More things that go bump in the night: HTTP ETags, Web Storage, and ‘history stealing’

In our articles on Flash cookies and browser fingerprinting we looked at how commercial internet companies, particularly third party analytics and advertising domains, are using increasingly sneaky and sophisticated methods to evade public awareness of the dangers of HTTP cookies, so they can continue to uniquely identify and track our movements across the web.

While Flash cookies (including so-called zombie cookies) and, increasingly, browser fingerprinting, are the most commonly used methods used to do this, there are others. In this article we will look at some of these, and discuss how they may be foiled.

HTML5 Web Storage

A feature of HTML5 (the much vaunted replacement to Flash) is Web storage(also known as DOM (Document Object Model) storage). Even creepier and much more powerful than cookies, web storage is a way analogous to cookies of storing data in a web browser, but which is much more persistent, has a much greater storage capacity, and which cannot normally be monitored, read, or selectively removed from your web browser.

Unlike regular HTTP cookies which contain 4 kB of data, web storage allows 5MB per origin in Chrome,Firefox, and Opera, and 10 MB in Internet Explorer. Websites have a much greater level of control over web storage and, unlike cookies, web storage does not automatically expire after a certain length of time (i.e. it is permanent by default).

When Ashkan Soltani and a team of researchers at UC Berkeley conducted a study of web tracking in in 2011, they found that of the top 100 websites surveyed, 17 used web storage, including twitter.com, tmz.com, squidoo.com, nytimes.com, hulu.com, foxnews.com, and cnn.com. Most of these connected to a third party analytics service such as Meebo, KISSanalytics, or Pollydaddy.

How do I stop it?

Web storage is quite easy to turn off, but many sites (e.g. CNN) will not work properly if you do so.

In Firefox:

Launch Firefox and type about:config in the address bar
In Click ‘I'll be careful, I promise!’
Scroll down until you reach dom.storage.enabled or copy/paste ‘dom.storage.enabled’ into the search bar
Double-click ‘dom.storage.enabled’, and it will change from its default value ‘true’ to ‘false’

Firefox users can also configure the BetterPrivacy addon to remove web storage automatically on a regular basis, or use the Click&Clean addon.

In Internet Explorer:

Launch Internet Explorer and open the Tools Menu
Select ‘Internet Options’
Click the ‘Advanced’ tab
Scroll down until you reach ‘Security’
Uncheck the box for ‘Enable DOM Storage’
Click ‘Ok’

In Chrome:

Chrome users can use the Click&Clean extension or, alternatively, the versatile Google NotScripts extension, but this requires a high degree of configuring.

In Safari and Opera:

These browsers do use web storage, but as far as we are aware there is no way to turn it off.

Do note that the use of any browser extension increases the chance of making the browser’s fingerprint unique.

HTTP ETags

ETags (or entity tags, sometimes referred to as ‘cookieless cookies’) are ‘part of HTTP, the protocol for the World Wide Web’ whose purpose is to identify a specific resource at a URL, and track any changes made to it.

The method by which these resources are compared allows them to be used as fingerprints, as the server simply gives each browser a unique ETag, and when it connects again it can look the ETag up in its database.

The first discovered use of ETags ‘in the wild’ as a tracking mechanism was made by Ashkan Soltani and his team, who found that media streaming website Hulu was using a service hosted by web analytics company KISSmetrics to respawn (Zombie style) HTTP and HTML5 cookies using ‘the cache to mirror values, specifically ETags.’

The report notes that ‘ETag tracking and respawning is particularly problematic because the technique generates unique tracking values even where the consumer blocks HTTP, Flash, and HTML5 cookies,’ and ‘even in private browsing mode, ETags can track the user during a browser session.’

Perhaps even worse, ‘the ETag respawning we observed set a first party cookie on hulu.com.

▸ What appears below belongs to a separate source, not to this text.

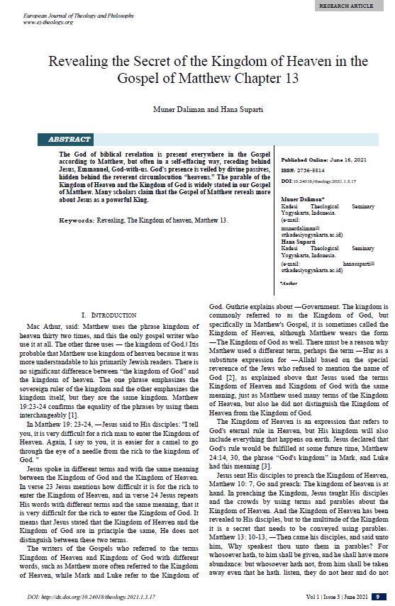Biblical Studies about the Kingdom of Heaven based on the Gospel of Mattew and Its Implication at Borneo Evangelical Mission (BEM) Miri Sarawak Church , European Journal of Theology and Philosophy: Vol. 5 No. 1 (2025) -

This means that other sites subscribing to the kissmetrics.com service could synchronize these identifiers across their domains.’

How can I stop them?

Unfortunately this kind of cache tracking is virtually undetectable, so reliable prevention is very hard. Clearing your cache between each website you visit should work, as should turning off your cache altogether. Unfortunately these methods are arduous, and will negatively impact your browsing experience.

The Firefox add-on Secret Agent prevents tracking by ETags, but will likely increase your browser fingerprint (or because of the way it works, maybe not).

History stealing

Now we start to get really scary. History stealing (also known as history snooping) exploits the way in which the Web is designed, allowing a website you visit to discover your past browsing history.

The simplest method, which has been known about for a decade, relies on the fact that web links change color when you click on them (traditionally from blue to purple). When you connect to a website it can query your browser through a series of yes/no questions to which your browser will faithfully respond, allowing the attacker to discover which links have changed color, and therefore to track your browsing history.

Despite a reluctance to tackle this security flaw because it affects the way in which the World Wide works, most modern browsers now provide protection against this basic history stealing attack, but other more sophisticated attacks that rely on CSS page layouts and image attributes remain in use.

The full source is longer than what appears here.